Alice dropped his arm with a merry laugh. "And you talk about being in love with me! Can't you see now how wise I was to refuse you?"
"Well," said Hardwick reluctantly, for he felt that she was perfectly right in her diagnosis; "there may be something in what you say."
"There is everything in what I say," she insisted; "however, I shall give you another chance. Catch me before I reach Tremore and I shall be your wife."

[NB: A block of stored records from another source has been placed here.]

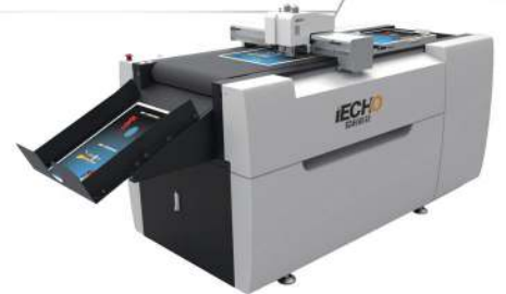
iECHO seri PK & PK Plus

Sambut iECHO , mesin cutting cerdas yang bisa potong hasil cetak, packaging, label, sampai roll. Mulai dari cetakan printer laser, offset, sampai bahan corrugated dan magnetic sticker yang tebal pun bisa dipotong dengan mudah. Enaknya lagi, iECHO dilengkapi berbagai fitur yang menjalankan mesin tanpa perlu ditunggu. Satu mesin memudahkan hidup Anda, juga berikan keuntungan, mau?
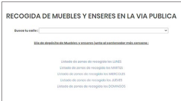
Espacio web de la Delegación de RSU en el que se puede consultar este servicio.

Además, el edil ha recordado que las sanciones pueden alcanzar los 751 euros, "por lo que es importante que la ciudadanía sea consciente de la importancia de colaborar
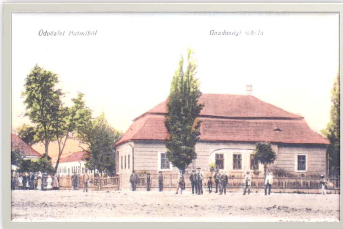
Școala agricolă din Halmeu - 1920

Proiect finanțat de Ministerul Culturii și Identității Naționale Beneficiarul proiectului: Județul Satu Mare, Consiliul Județean Implementat și coordonat de Biblioteca Județeană Satu Mare
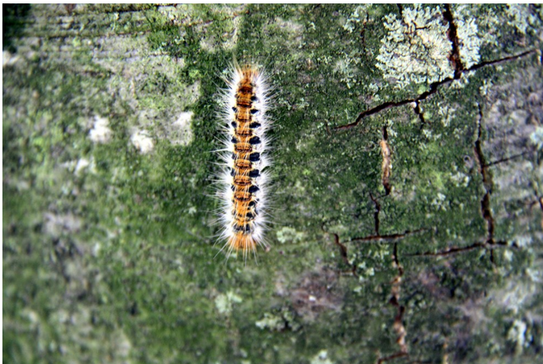
Eruga de la processionària a l'Espunyola.

El departament d'Agricultura actuarà a partir de dilluns sobre 17.500 hectàrees en prop d'una cinquantena de municipis de 12 comarques mitjançant tractaments aeris
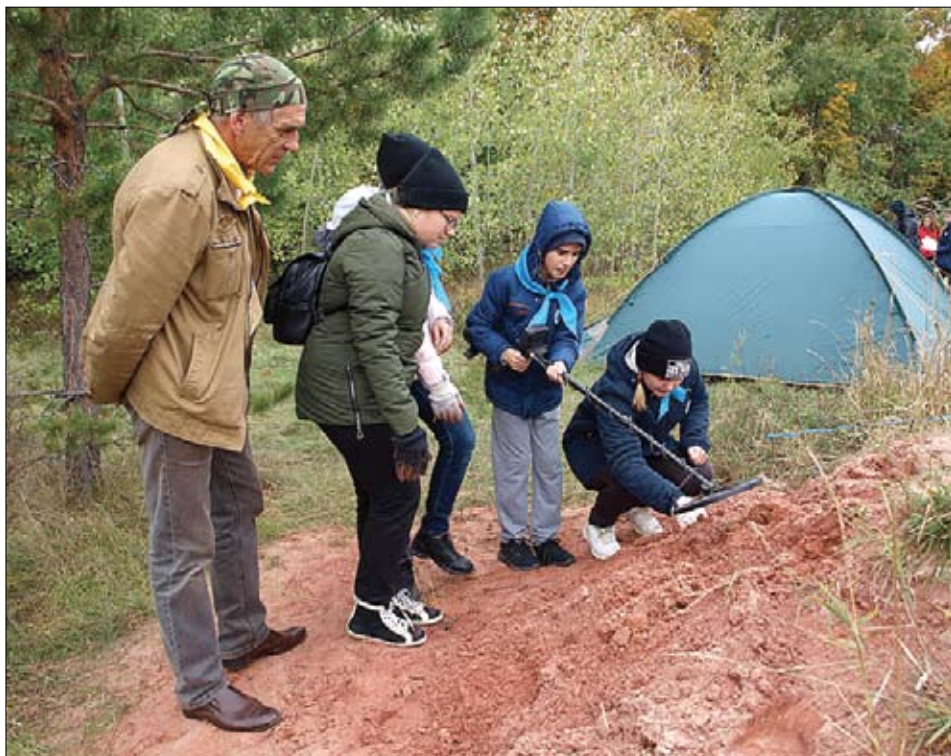
Поиск спрятанных артефактов

Деревянный двухэтажный домик, на участке – беседка под столовую, умы-

Before Hardwick could accept or refuse, she sprang up the narrow winding path as lightly as Atalanta. More out of pique than absolute desire the artist followed. Although he now began to see that he had taken a false Eros for the true one, he resolutely sped after the flying figure, if only to have the pleasure of refusing the prize when he won it. But he might as well have attempted to catch an air-bubble. Alice was swifter than he was, and ran in a flying way which reminded him of a darting swallow. Down the declivity she dropped, following the twists of the pathway amongst the purple heather, and sprang across the brawling stream at the bottom of the valley before he was half-way down. Then up she mounted, with an arch backward glance, to scale the hill whereon Tremore gloomed amidst its muffling trees. At the gate set in the mouldering brick wall he nearly caught her, for pride winged his feet. But she eluded his grasp with a laugh and disappeared amongst the foliage of the miniature forest. When next she came in sight, he beheld her standing at the sombre porch of the squat mansion binding up her tresses of black hair, which had become loose with her exertions.
"You don't love me," panted Alice, who had scarcely got her breath, "if you did I should have been in your arms by this time."
"Pouf!" puffed Hardwick, wiping his wet brow. "Pouf! pouf! pouf!"
"Is that all you have to say?"
"It is all I am able to say. Pouf! Pouf! Well, my dear girl, Saul went to look for his asses and found a kingdom. I went to look for a kingdom of love and find an ass – in myself."
"Oh no! no!" protested Alice, rather distressed.